ECLI:NL:RBOVE:2021:3906
Rechtbank Overijssel
- Eerste aanleg - meervoudig
- Rechtspraak.nl
Afwijzing van aanvragen om bijstandsuitkering wegens onvoldoende duidelijkheid over hoofdverblijf
In deze uitspraak van de Rechtbank Overijssel, gedateerd 19 oktober 2021, zijn de beroepen van eiser tegen de afwijzing van zijn aanvragen om bijstandsuitkering ongegrond verklaard. Eiser had bijstandsaanvragen ingediend op 13 februari, 23 maart en 29 april 2020, maar deze werden door het college van burgemeester en wethouders van Hengelo afgewezen.
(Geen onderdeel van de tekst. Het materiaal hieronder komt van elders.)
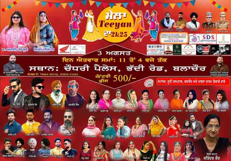 ਪੰਜਾਬ ਦਾ ਪੁਰਾਤਨ ਸੱਭਿਆਚਾਰ ਤੀਆਂ ਦਾ ਤਿਉਹਾਰ ਨੂੰ ਕਾਇਮ ਰੱਖਣ ਲਈ ਸੂਰੀ ਹਸਪਤਾਲ ਭੱਦੀ ਰੋਡ ਬਲਾਚੌਰ ਅਤੇ ਖਾਲਸਾ ਫਾਰਮ ਸ਼ਿਕਾਗੋ ਵਾਲਿਆ ਵੱਲੋਂ ਹਰ ਸਾਲ ਦੀ ਤਰ੍ਹਾਂ ਸਪਾਂਸਰ ਕੀਤਾ ਜਾ ਰਿਹਾ ਹੈ | ਇਹ ਤੀਆਂ ਦਾ ਮੇਲਾ ਡਾਕਟਰ ਅਮਨਦੀਪ ਕੌਰ ਸੂਰੀ ਅਤੇ ਸਿਮਰਨ ਕੌਰ ਸਹਿਜਪਾਲ ਖਾਲਸਾ ਫਾਰਮ ਸ਼ਿਕਾਗੋ ਵਾਲਿਆਂ ਦੀ ਅਗਵਾਈ ਵਿੱਚ 3 ਅਗਸਤ ਦਿਨ ਐਤਵਾਰ ਸਮਾਂ 11 ਤੋਂ 4 ਵਜੇ ਤੱਕ ਚੌਧਰੀ ਪੈਲੇਸ ਭੱਦੀ ਰੋਡ ਬਲਾਚੌਰ ਵਿਖੇ ਕਰਵਾਇਆ ਜਾ ਰਿਹਾ ਹੈ | ਇਸ ਸਬੰਧੀ ਪੱਤਰਕਾਰਾਂ ਨੂੰ ਜਾਣਕਾਰੀ ਦਿੰਦੇ ਹੋਏ ਡਾਕਟਰ ਅਮਨਦੀਪ ਕੌਰ ਸੂਰੀ ਅਤੇ ਸਿਮਰਨ ਸਹਿਜਪਾਲ ਨੇ ਦੱਸਿਆਂ ਕਿ ਇਸ ਮੌਕੇ ਐਂਟਰੀ ਫੀਸ 500 ਰੁਪਏ ਰੱਖੀ ਗਈ ਹੈ | ਇਸ ਤੀਆਂ ਦੇ ਮੇਲੇ ਵਿੱਚ , ਪ੍ਰਭਜੋਤ ਕੌਰ, ਮੀਨਾ ਕੇ ਪਵਾਰ ਵੀ ਵਿਸ਼ੇਸ਼ ਤੌਰ ਤੇ ਸ਼ਿਰਕਤ ਕਰਨਗੀਆਂ | ਇਸ ਮੇਲੇ ਵਿੱਚ ਪੰਜਾਬ ਦੇ ਪ੍ਰਸਿੱਧ ਗਾਇਕ ਐਕਰ, ਐਕਟਰ ਵਿਸ਼ੇਸ਼ ਤੌਰ ਤੇ ਸ਼ਿਰਕਤ ਕਰ ਰਹੇ ਹਨ | ਇਸ ਤੀਆਂ ਦੇ ਮੇਲੇ ਵਿੱਚ ਵਿਸ਼ੇਸ਼ ਸਨਮਾਨ ਜਤਿੰਦਰ ਕੌਰ ਵੱਲੋਂ ਕੀਤਾ ਜਾਵੇਗਾ | ਇਸ ਤੀਆਂ ਦੇ ਮੇਲੇ ਵਿੱਚ ਬਿੰਨੂ ਢਿੱਲੋਂ , ਯੁਵਰਾਜ ਹੰਸ, ਮਲਕੀਤ ਰੌਣੀ, ਪਰਮਵੀਰ ਸਿੰਘ, ਸਮੀਰ ਮਾਹੀ, ਹਰਸ਼ ਪੰਧੇਰ, ਟਾਈਗਰ ਹਰਮੀਕ, ਰਾਮ ਔਜਲਾ ,ਵਿਕਟਰ ਯੋਗਰਾਜ ਸਿੰਘ, ਪਿ੍ੰਸ ਸੰਧੂ, ਅਨਮੋਲ , ਵੀਜੇ ਮੱਟੂ, ਆਰਜੇ ਮੱਟੂ ਅਤੇ ਸੁਨੀਤਾ ਧੀਰ, ਗੁਰਪ੍ਰੀਤ ਭੰਗੂ, ਰੁਪਿੰਦਰ ਰੂਪੀ, ਅਨੀਤਾ ਮੀਤ, ਸਤਵੰਤ ਕੌਰ, ਪਰਮਿੰਦਰ ਗਿੱਲ,ਅਨੀਤਾ ਸ਼ਬਦੀਸ਼, ਨੀਨਾ ਯੋਗਰਾਜ ਸਿੰਘ, ਨਿਸ਼ਾ ਬਾਨੋ ,ਨੇਹਾ ਦਿਆਲ, ਰਾਜ ਧਾਲੀਵਾਲ, ਪੂਨਮ ਸੂਦ, ਮਨੀ ਬੋਪਾਰਾਏ, ਹਰਪ੍ਰੀਤ ਵਾਲੀਆ, ਜੋਤੀ ਆਰੋੜਾ, ਮਨਪ੍ਰੀਤ ਮਨੀ, ਪਿ੍ਆ ਸਿੰਘ ਪ੍ਰੀਤ, ਵਿਸ਼ੂ ਖੇੜੀਆ, ਰੀਤ ਕਾਹਲੋਂ , ਕਨਨ ਸੇਠ, ਮਰਜੀਨਾ ਸਾਗਰ, ਮੌਸਮੀ ਸੇਨ, ਸੰਦੀਪ ਕੌਰ, ਸੰਦੀਪ ਸਿੱਧੂ, ਨਵਦੀਪ ਕੌਰ ਰਾਂਧੀ ਅਤੇ ਤਰੁਨਜੋਤ ਸਿੰਘ ਈਵੇਟ ਮੈਨੇਜਰ ਅਤੇ ਦੇਸ਼ ਵਿਦੇਸ਼ ਨਾਮਵਰ ਸ਼ਖਸ਼ੀਅਤਾਂ ਵਿਸ਼ੇਸ਼ ਹਾਜਰੀ ਲਗਾਉਣ ਗਏ ਇਸ ਮੌਕੇ ਡਾ ਭੁਪਿੰਦਰਜੀਤ ਸਿੰਘ ਸੂਰੀ ਨੇ ਸਮੂਹ ਹਲਕਾ ਵਾਸੀਆਂ ਨੂੰ ਇਸ ਪ੍ਰੋਗਰਾਮ ਦੌਰਾਨ ਸ਼ਮੂਲੀਅਤ ਕਰਨ ਲਈ ਸਾਰਿਆਂ ਨੂੰ ਅਪੀਲ ਕੀਤੀ

De afwijzing was gebaseerd op het feit dat eiser niet aannemelijk had gemaakt dat hij zijn hoofdverblijf had op het opgegeven adres in Hengelo. De rechtbank oordeelde dat de afwijzingen terecht waren, omdat eiser niet voldoende bewijs had geleverd dat hij daadwerkelijk op het opgegeven adres woonde. Tijdens een huisbezoek op 6 maart 2020 werd geconstateerd dat de woning niet bewoonbaar was en er geen persoonlijke spullen of voedsel aanwezig waren. Eiser had weliswaar buren die verklaarden dat hij vaak thuis was, maar deze verklaringen waren te vaag en niet onderbouwd met concrete feiten. De rechtbank benadrukte dat het aan eiser was om duidelijkheid te verschaffen over zijn woonsituatie, wat hij niet had gedaan. Hierdoor kon het recht op bijstand niet worden vastgesteld, en werden de beroepen ongegrond verklaard.